What the task requires =
Retype the entries, please, from their first line to the line containing "Tetování ornamentální hvězdy na kolenou", exactly and only those lines, minus the pictures.

Saved entries =
-*-

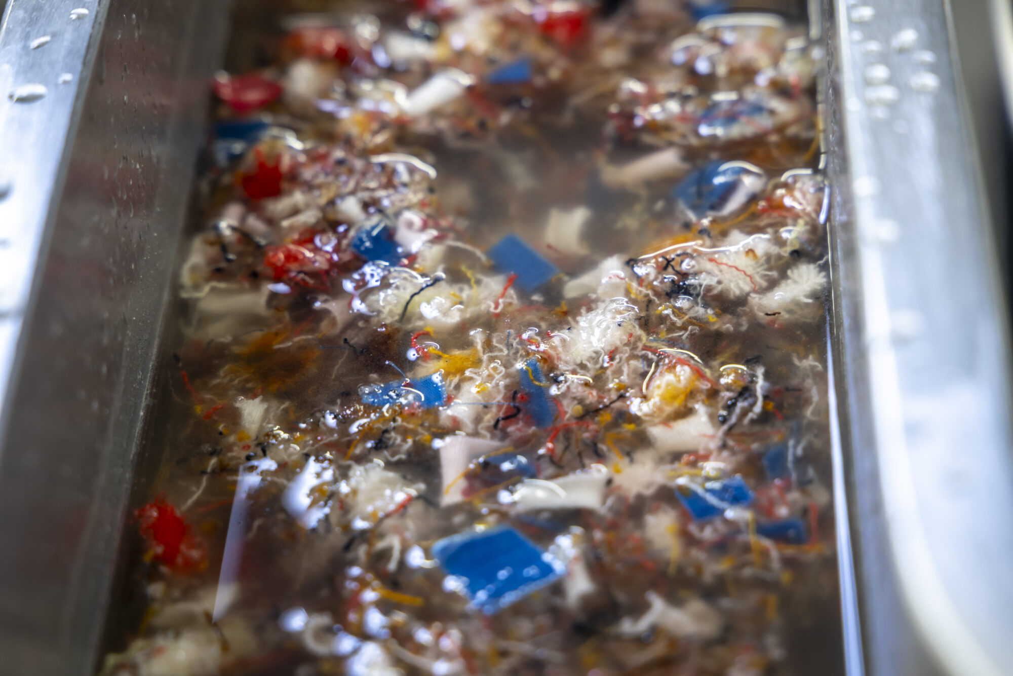 Um aus alten Kleidungsstücken Papier zu gewinnen, werden sie zunächst in kleine Fetzen geschnitten und in einer wässrigen Lösung eingeweicht. © Helmut Lunghammer
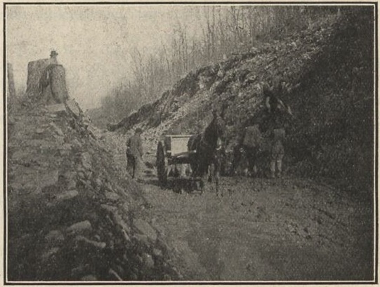 A construction crew cutting through the escarpment at the top of the grade near today's Scenic Dr.
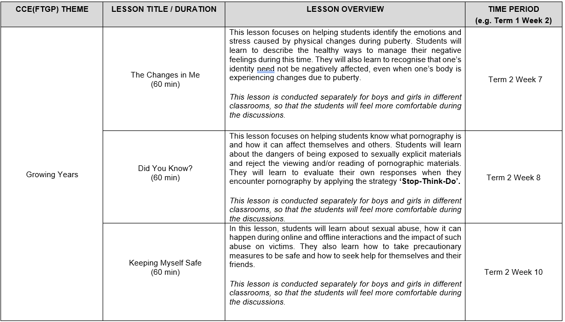 Sexuality Education (SEd) lessons are taught as part of CCE (FTGP) at Primary 5 and 6. Through these lessons, students will learn healthy ways to manage the physiological, social and emotional changes in their growing years. They learn to build healthy and rewarding relationships with others, including those with members of the opposite sex. Students are also guided to make wise, informed and responsible decisions to keep themselves safe from sexuality-related risks.
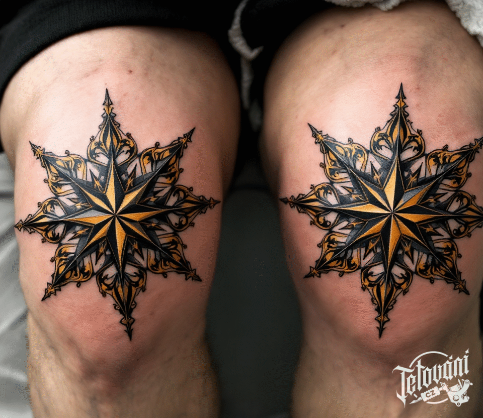 Tetování ornamentální hvězdy na kolenou
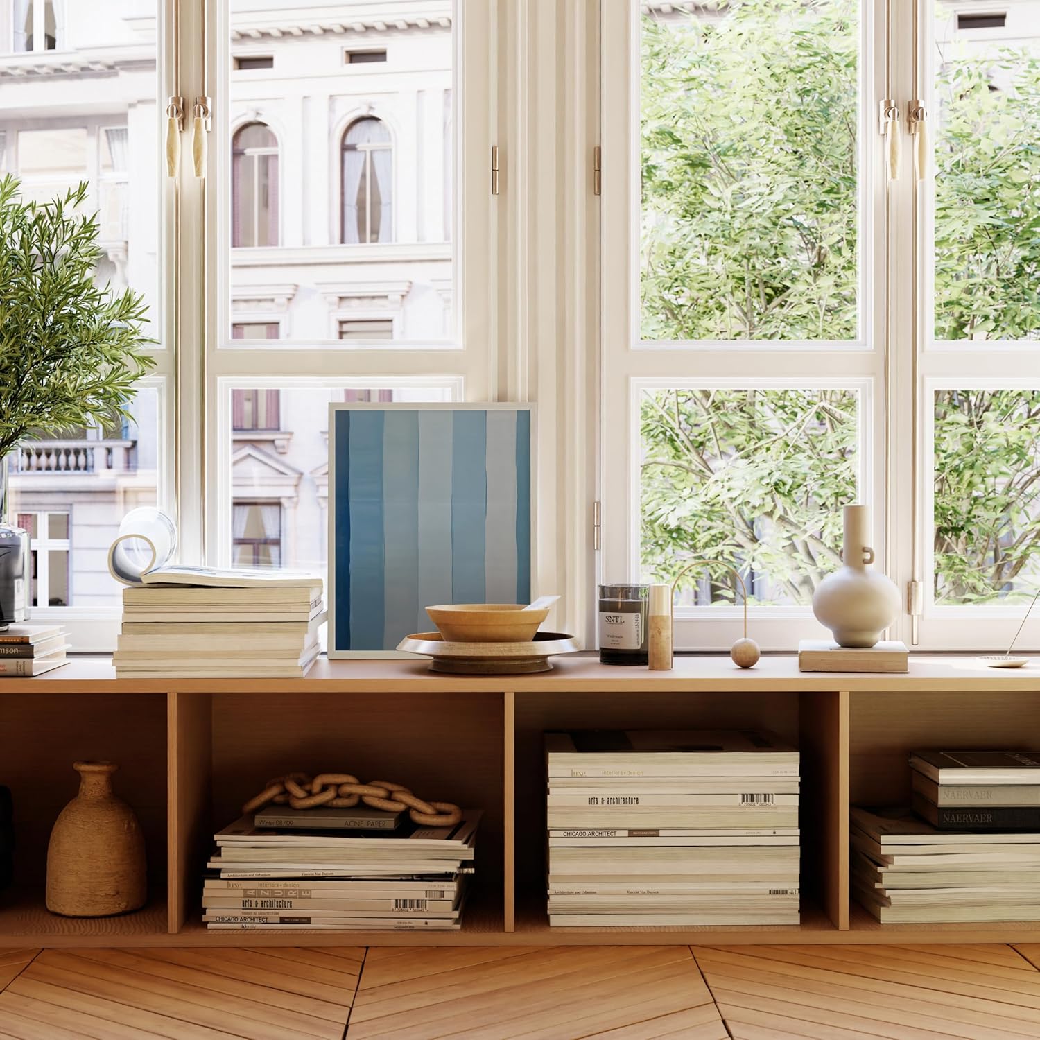 HAUS AND HUES Modern Abstract Wall Art - Blue and Green Living Room Art, Modern Artwork for Walls, Minimalist Picture for Living Room(Painted Stripes, White Frame, 16x20)

-*-

Reply =
 Um aus alten Kleidungsstücken Papier zu gewinnen, werden sie zunächst in kleine Fetzen geschnitten und in einer wässrigen Lösung eingeweicht. © Helmut Lunghammer
 A construction crew cutting through the escarpment at the top of the grade near today's Scenic Dr.
 Sexuality Education (SEd) lessons are taught as part of CCE (FTGP) at Primary 5 and 6. Through these lessons, students will learn healthy ways to manage the physiological, social and emotional changes in their growing years. They learn to build healthy and rewarding relationships with others, including those with members of the opposite sex. Students are also guided to make wise, informed and responsible decisions to keep themselves safe from sexuality-related risks.
 Tetování ornamentální hvězdy na kolenou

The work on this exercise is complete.